> [What is expected]: Could you output exactly the lines running from the one containing "Тетрадь 12л круп.кл." to the final line of the listing below, leaving out pictures?

> [The data]:
%%
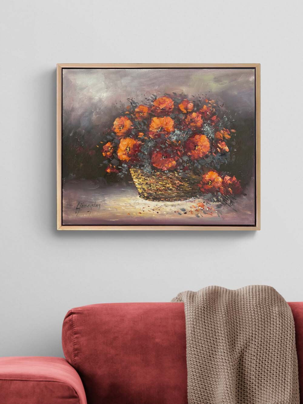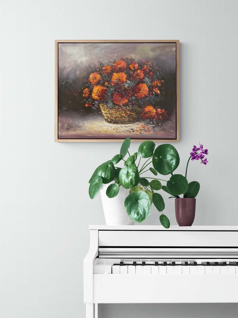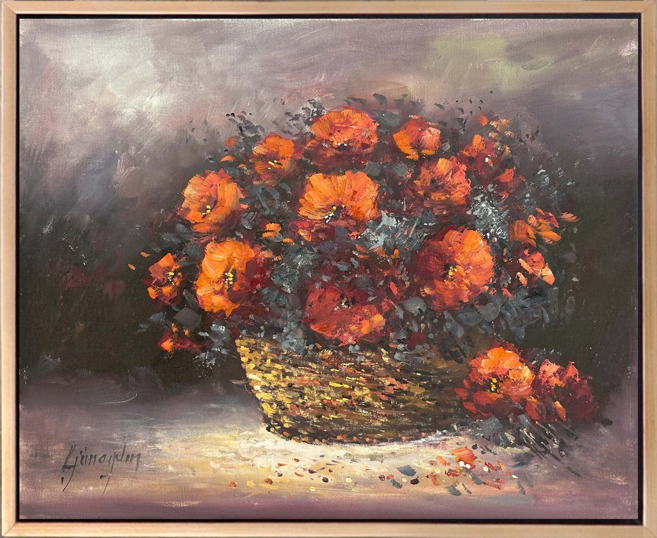 Sepette Kadife Çiçeği Yağlı Boya Tablosu
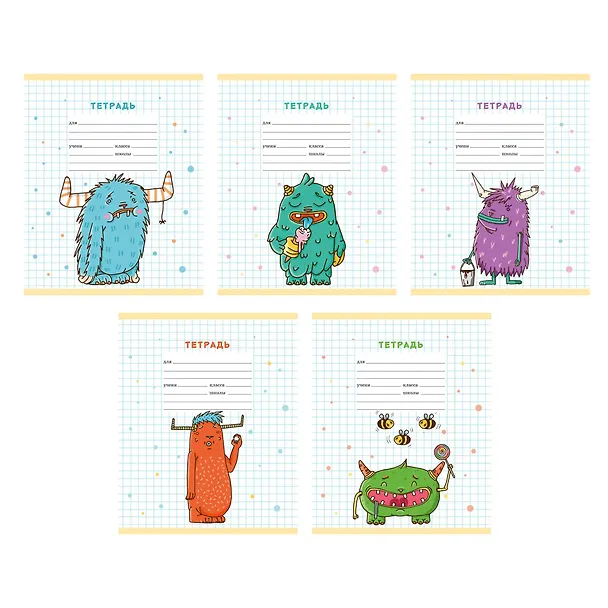 Тетрадь 12л круп.кл. "Монстрики" мел.картон, офсет 60г/м2
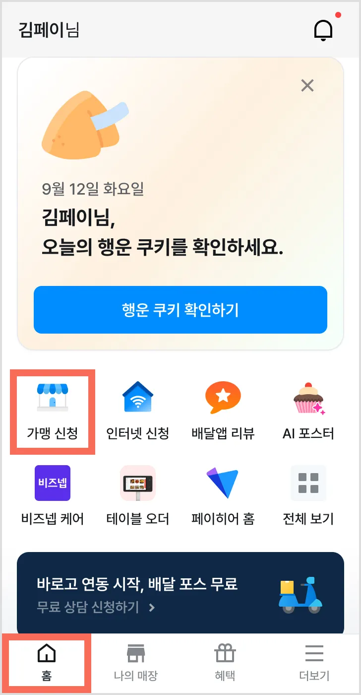 3) 페이히어 앱 [홈] 탭 → [가맹 신청]을 눌러 서류를 접수해 주세요.
%%
> [Solution to the problem]:
 Тетрадь 12л круп.кл. "Монстрики" мел.картон, офсет 60г/м2
 3) 페이히어 앱 [홈] 탭 → [가맹 신청]을 눌러 서류를 접수해 주세요.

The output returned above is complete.